The kindest assessment of South is that, for good or for bad, it is “of its time”. In 1959, when no one but no one in the entertainment industry dared touch upon themes of homosexuality and “the love that dare not speak its name”, it took on these motifs with milestone boldness. Wyngardes’s performance, too, becomes a wonder. The very same over-the-top acting that sinks his performance at the play’s beginning redeems that performance and the story’s dynamics at the play’s denouement in which Jan’s heartbreak at having his love unrequited tears at his very soul. His wavering almost bleating basso, his mournful eyes reveal the depths of his pain, the hopelessness of his longing. He morphs into a creature no longer human, a translucent holograph of grief, of unspeakable suffering, his interior conflict a metaphor for the seething tensions of a country on the brink of war.      

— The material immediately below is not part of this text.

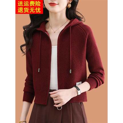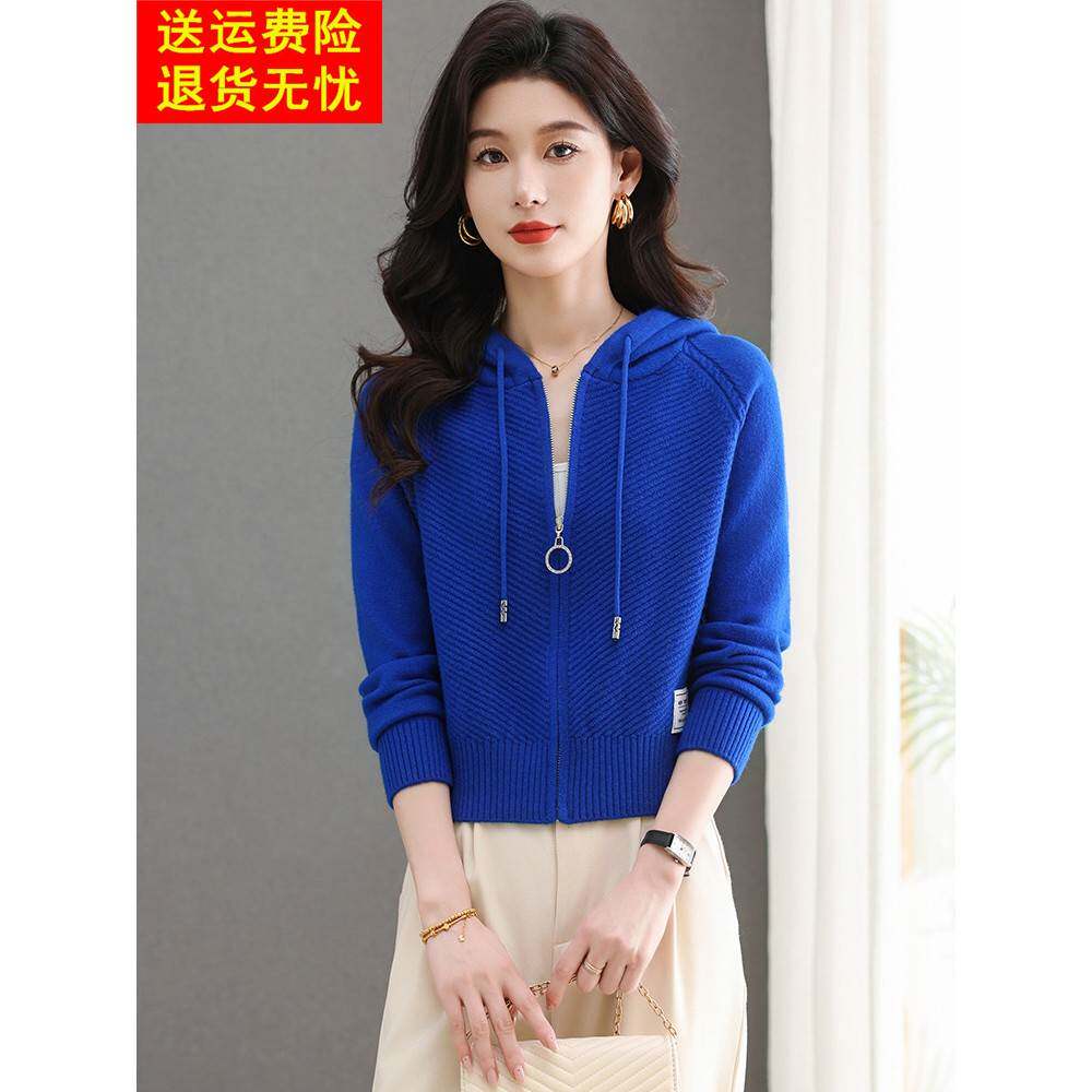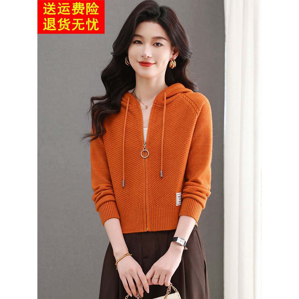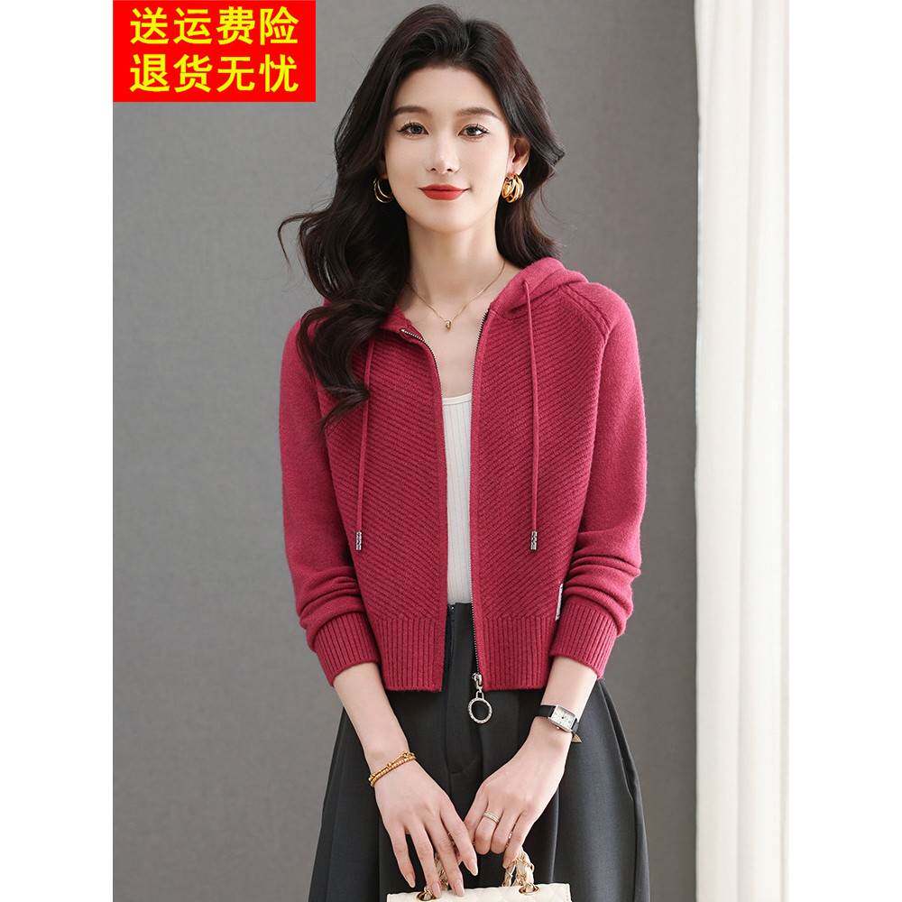 鄂尔多斯市连帽拉炼羊毛针织开衫女春短款小个子时尚百搭毛衣外套

Tragically, like all media of the time portraying gay people, this story ends with the to-be-expected death (usually by suicide) of the tormented soul, in part as a moral warning to anyone engaging in same-sex relations, in part to appease a judgmental audience, as happens with Peter McEnery as “Boy” Barrett in Victim, Shirley MacLaine’s Martha Dobie in The Children’s Hour. The attitudes of the time can only be described as unfortunate. But time has a way of turning what was written in the margins into the main story. The silence that Green’s play elicited from viewers and critics did not endure. The decades that followed became a slow-in-coming yet heroic dismantling of what seemed to our community permanent barricades. We moved from the quiet of the alleyway, the shadows of the Men’s Room to the explosive heat of Stonewall, transforming that “doomed morally bankrupt archetype into a brilliant blinding radicalism. Movements like Gay Liberation and ACT UP, The Sisters of Perpetual Indulgence, movies like La Cage Aux Folles, Philadelphia, last year’s Heated Rivalry would never have happened without the brave baby steps taken by a project like South. Now, as we bask in the kinder light of the 21st century, the legal victories—the marriage licenses, the protected rights—we have made ourselves a visible reality, something we knew we were all long. Gay lifestyles, gay passion, once confined to the flickering shadows of a 1959 broadcast, have been brought into the full glare of mainstream existence. We are no longer mere subplots; we are ourselves the chroniclers, the vibrant, rainbow bright standard bearers of a new age. 

Let’s then look at South today, not as a time capsule artifact, rather, a fearless risk-taking design for what would become a boundless future.